*WHAT THIS TASK INVOLVES*.
The response should reproduce exactly the lines from the top of the listing below through the one that contains "5、可以升级人物的速度、枪械和力量,等级越高捕捉僵尸也会越来越多;", and nothing else; pictures do not belong in it.

*GIVEN MATERIAL*.
-- Opening Marker --

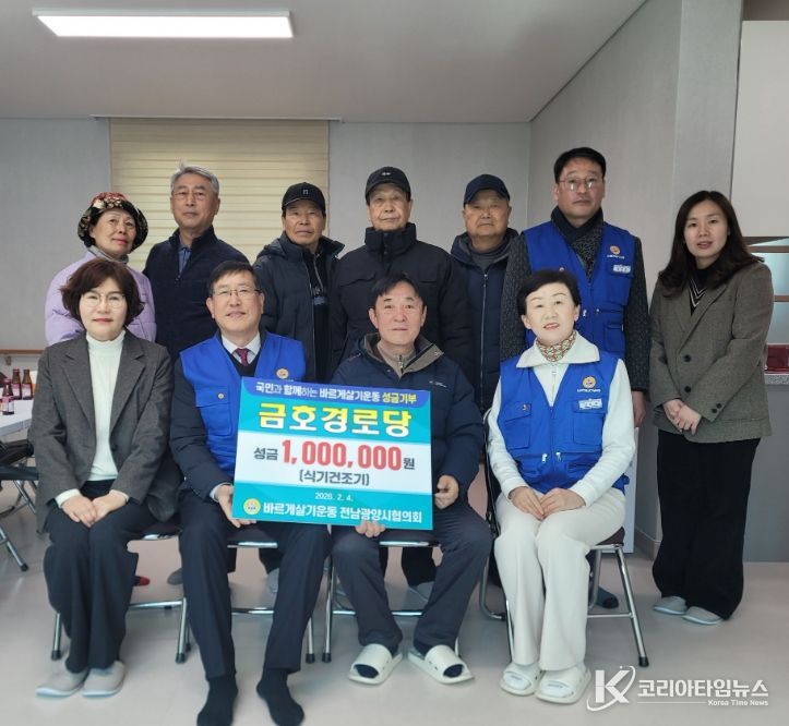 코리아타임뉴스 전남취재본부 | 바르게살기운동 광양시협의회(회장 이승안)가 지난 4일 새로 개소한 금호경로당(회장 김원태)을 방문해 어르신들을 위한 성금 100만 원을 전달하며 이웃사랑을 실천했다.
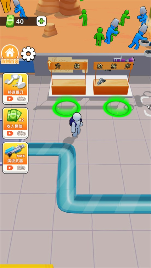 5、可以升级人物的速度、枪械和力量,等级越高捕捉僵尸也会越来越多;
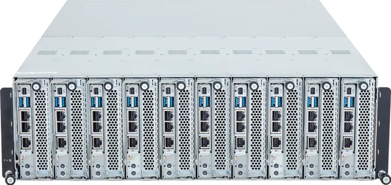 Каждый из десяти узлов сервера B343-C40 оснащен одним процессором с поддержкой до 4 слотов для DDR5 ECC UDIMM памяти, что обеспечивает высокую пропускную способность и стабильность работы. Сервер оснащен пятью слотами OCP NIC 3.0 для установки многохостовых сетевых карт, что позволяет значительно упростить сетевую инфраструктуру и повысить её эффективность. Встроенные двойные гигабитные сетевые порты обеспечивают надежное базовое сетевое подключение. Для повышения надежности сервер оснащен четырьмя блоками питания с возможностью резервирования, что гарантирует бесперебойную работу в условиях высокой нагрузки и бизнес-критичных приложениях.
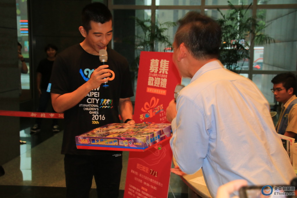 ▲國際少年運動會將在新北市舉辦,修杰楷捐歡迎禮也鼓勵民眾一起共襄盛舉。(圖/記者孫曜樟攝)

-- Closing Marker --

*EXERCISE RESULT*.
 코리아타임뉴스 전남취재본부 | 바르게살기운동 광양시협의회(회장 이승안)가 지난 4일 새로 개소한 금호경로당(회장 김원태)을 방문해 어르신들을 위한 성금 100만 원을 전달하며 이웃사랑을 실천했다.
 5、可以升级人物的速度、枪械和力量,等级越高捕捉僵尸也会越来越多;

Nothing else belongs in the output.